Notice Pursuant to Paragraph 708A(5)(e) of the Corporations Act
2001 ("Act")

DigitalX Limited (ASX:DCC) (DCC or the Company) confirms that the Company has today
issued 620,000 Fully Paid Ordinary Shares (Shares) upon exercise of 620,000 Unlisted
Options exercisable at $0.0324 Expiring 14 September 2019 and 3,725,000 Shares upon
exercise of 3,725,000 Unlisted Incentive Options exercisable at $0.08 expiring 10 February
2018.

The Act restricts the on-sale of securities issued without disclosure, unless the sale is exempt
under section 708 or 708A of the Act. By giving this notice, a sale of the Shares noted above
will fall within the exemption in section 708A(5) of the Act.

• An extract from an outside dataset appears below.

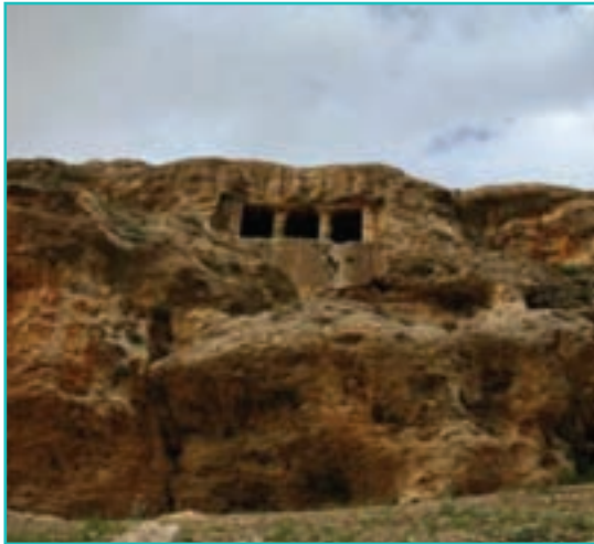
شکل ۱۹-۵- مقبره فخریگاہ - مهاباد

The Company hereby notifies ASX under paragraph 708A(5)(e) of the Act that:
(a) the Company issued the Shares without disclosure to investors under Part 6D.2 of
the Act;
(b) as at the date of this notice, the Company has complied with the provisions of Chapter
2M of the Act as they 

## Clear cache

In [30]:
result.unpersist()

DataFrame[path: string, image: struct<origin:string,height:int,width:int,nChannels:int,mode:int,resolution:int,data:binary>, pagenum: int, confidence: double, positions: array<struct<mapping:array<struct<c:string,p:int,x:float,y:float,width:float,height:float,fontSize:int>>>>, exception: string, text: string]